Расширяя поле анализа 'конкретных синтезов' опыта помещением их 'внутрь продвигающейся диалектической тотализации, такой, как сама история', Сартр в этом произведении размышляет о природе и специфике существования объектов и структур социального поля, происхождении и онтологическом статусе исторической необходимости, ее отношениях со свободой и случайностью в истории, возникновении отчуждения человека, формах его понимания и переживания самим человеком, возможностях и способах его преодоления.

Он исследует открываемый в индивидуальной практике 'опыт необходимости', заменяет онтологический примат бытия-в-себе ('Бытие и ничто') 'приматом Истории' и связку 'свобода случайность' связкой 'свобода необходимость'. Признав необходимость анализа материальной обусловленности человека и его практики (способом производства материальной жизни, экономическими и другими отношениями, объективными структурами социального поля с его 'коллективными объектами', гнетом нужды, редкости, отчуждением и насилием), Сартр высоко оценивает эвристические возможности социальной философии Маркса, его подход к анализу конкретных исторических событий.

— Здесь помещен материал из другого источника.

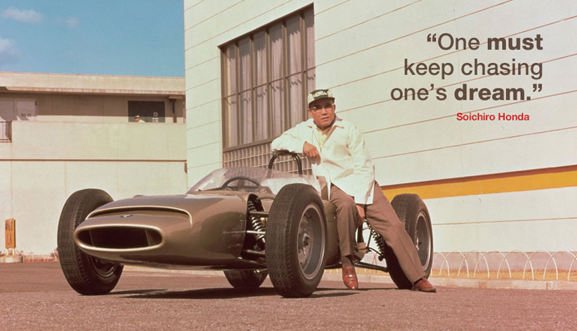 Nu vă zic de unde m-am inspirat - riscați să rămâneți blocați și voi cu ochii în ecrane, pentru cel puțin trei ore, așa că vin cu un rezumat cât se poate de scurt. Soichiro Honda, omul care a stat în spatele acestei companii japoneze producătoare de motociclete și mașini, este cheia la tot ce a adus faimă brandului. Și nu pentru că ar fi construit un imperiu, un gigant, cum a ajuns de exemplu Toyota, ci pentru că a dat viață celei mai inovatoare companii auto din lume! Soichiro avea puterea de a visa, chiar și în cele mai grele timpuri. The Power of Dreams, este și moto-ul companiei.

Маркс, по мнению Сартра, рассматривает человека 'в его целостности, то есть исходя из материальности его положения'; его концепция есть 'единственно возможная форма действительно конкретного знания' и 'самая решительная попытка осветить исторический процесс в его тотальности'. Однако современные марксисты, по Сартру, утратили эвристичность марксовой концепции: априорный схематизм подменил собой конкретность анализа событий; вся конкретика человеческой жизни оказалась сведенной к случайности; и это привело к непониманию истории и человека, к исключению человека из марксистского знания.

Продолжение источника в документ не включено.